# Kellys new ebike



## mtbbiker (Apr 8, 2004)

Francis, can you get me this bike to test ride for a few months! 

This is a badass looking ebike, 725wh battery, EP8 Shimano motor, 170mm rear/180mm front, mullet beast of an ebike! 


Sent from my iPhone using Tapatalk


----------



## Gutch (Dec 17, 2010)

That is pretty damn nice!


----------



## REZEN (Aug 7, 2020)

Too bad it's another yoke rear end.....would be nice to not ruin a coil shock on it.


----------



## NS-NV (Aug 15, 2006)

A lot to like about the bike (although I doubt we see it in N-America), but it should probably come with a bag of extra DU bushings and a press.


----------



## mtbbiker (Apr 8, 2004)

REZEN said:


> Too bad it's another yoke rear end.....would be nice to not ruin a coil shock on it.


I have a Levo and Kenevo.
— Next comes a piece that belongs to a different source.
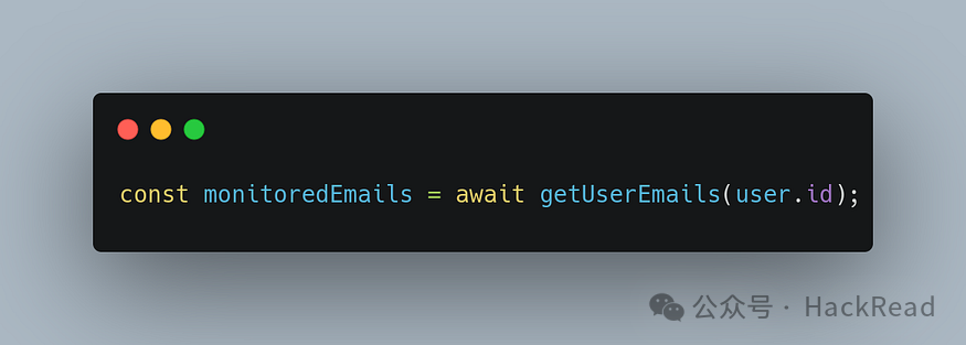 这一行调用 getUserEmails 函数,从数据库中获取与用户关联的所有电子邮件地址。需要注意的是,这可能包括已验证和未验证的电子邮件 :))

Saw lots of threads with broken shafts or blown out shocks. 

Good or bad, this issue has made some suspension makers redesign their rear shocks with bigger shafts. Can you say that without it sounding dirty?


Sent from my iPhone using Tapatalk


----------



## Gutch (Dec 17, 2010)

My push Shock works awesome on my Levo. It’s plenty beefy and spherical bearings help.


----------